**Work instructions**.
Go through the data below and repeat it exactly, skipping each picture.

**Input data**.
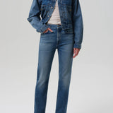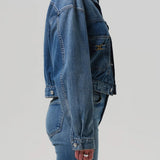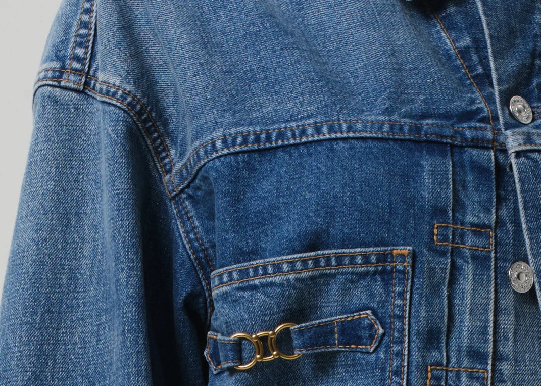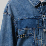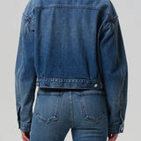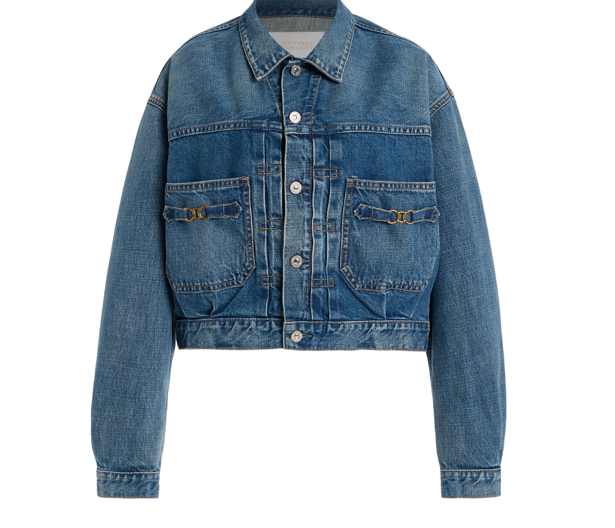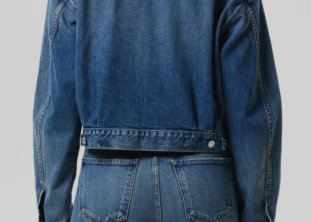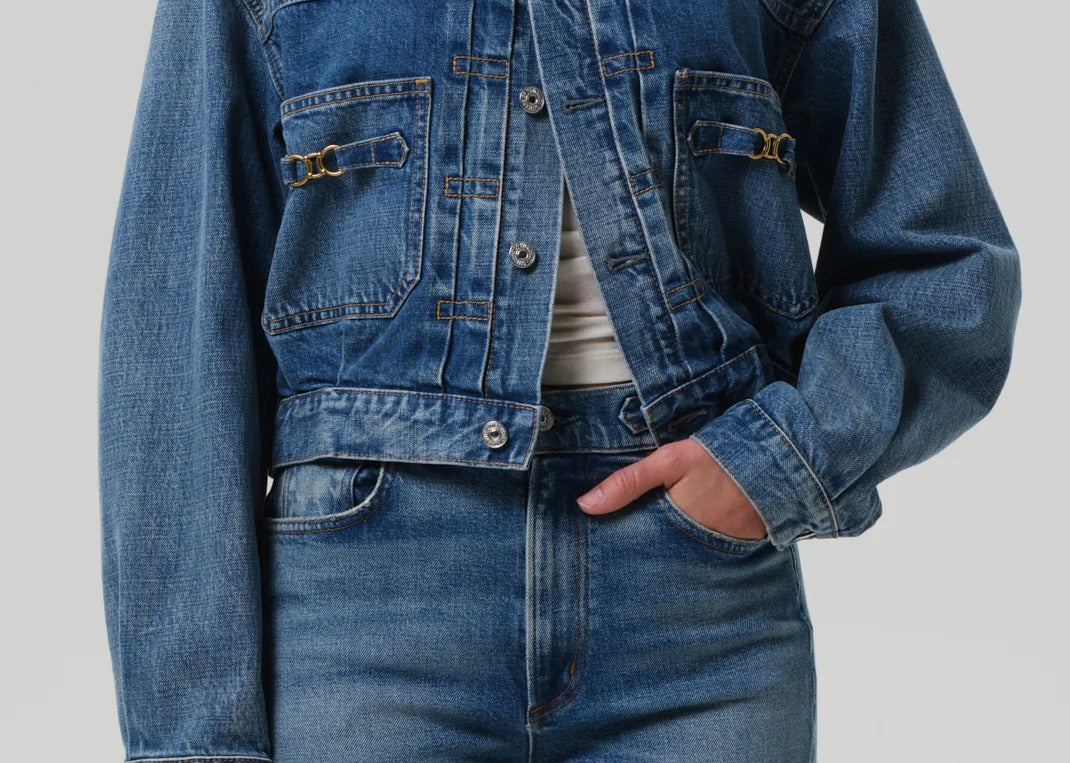 Introducing Citizens of Humanity's Alma Jacket with Horsebit in Sweetzer, a denim jacket in medium to dark indigo. The Alma denim jacket is made from non-stretch Japanese denim with a soft drape and vintage-inspired feel. Finished with signature horsebit hardware at the waist, it adds subtle structure and polish. The Sweetzer wash is a medium to dark indigo with authentic fading. Ideal layered over crisp shirting or paired with tonal denim.
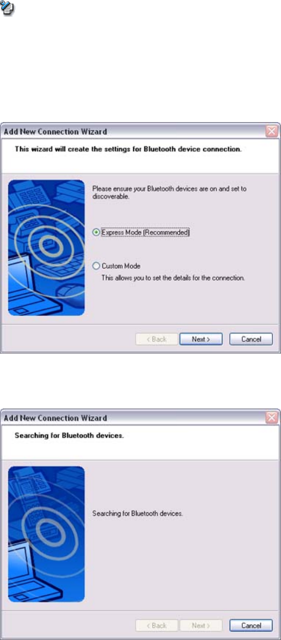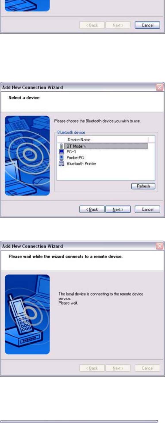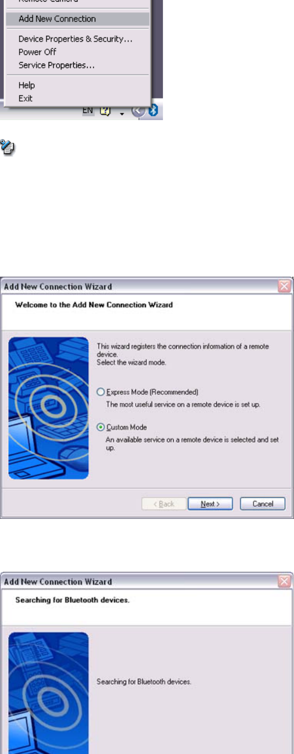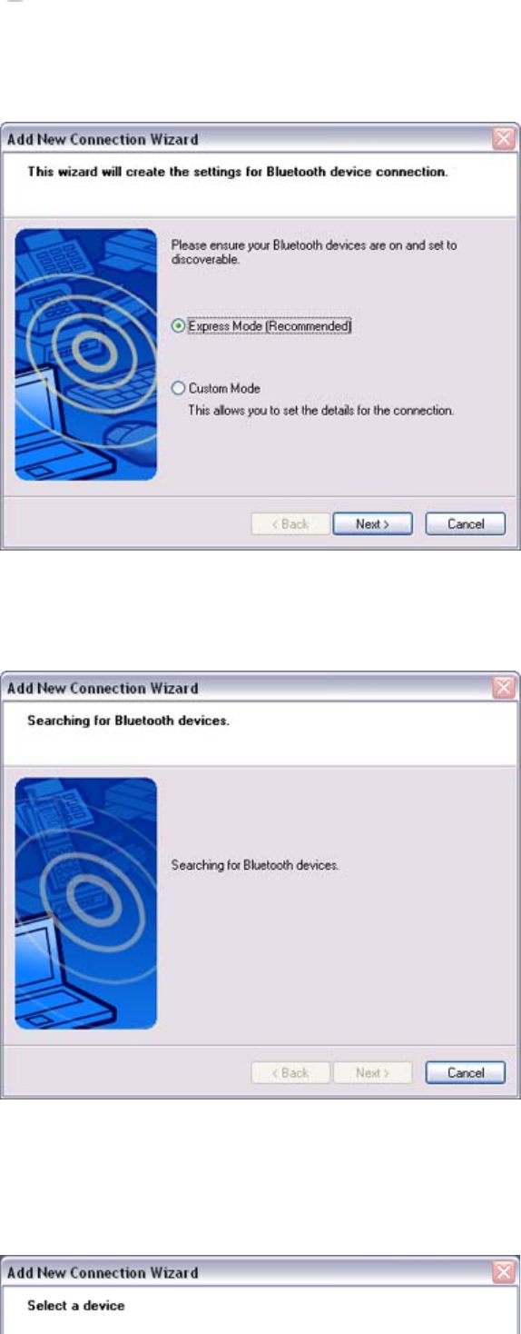 The [Add New Connection Wizard (Searching for Bluetooth devices)] window
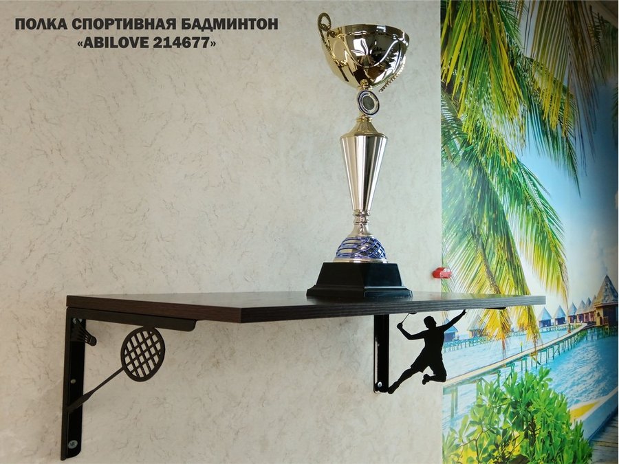 Полка спортивная "БАДМИНТОН АБИЛАВ-214677" для кубков, наград, грамот, медальница, венге, 30х60см
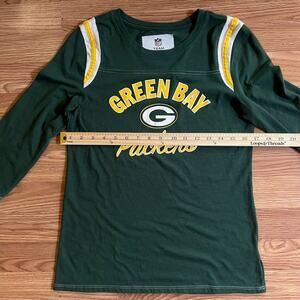 Keywords: green bay packers shirt, women’s nfl tee, vintage packers, wisconsin football shirt, retro sportswear, green gold football, nfl women’s medium, 90s inspired game day shirt, varsity striped shirt, vintage sports tee, green bay fan gear, y2k football shirt, NFL team apparel

**Answer for this exercise**.
 Introducing Citizens of Humanity's Alma Jacket with Horsebit in Sweetzer, a denim jacket in medium to dark indigo. The Alma denim jacket is made from non-stretch Japanese denim with a soft drape and vintage-inspired feel. Finished with signature horsebit hardware at the waist, it adds subtle structure and polish. The Sweetzer wash is a medium to dark indigo with authentic fading. Ideal layered over crisp shirting or paired with tonal denim.
 The [Add New Connection Wizard (Searching for Bluetooth devices)] window
 Полка спортивная "БАДМИНТОН АБИЛАВ-214677" для кубков, наград, грамот, медальница, венге, 30х60см
 Keywords: green bay packers shirt, women’s nfl tee, vintage packers, wisconsin football shirt, retro sportswear, green gold football, nfl women’s medium, 90s inspired game day shirt, varsity striped shirt, vintage sports tee, green bay fan gear, y2k football shirt, NFL team apparel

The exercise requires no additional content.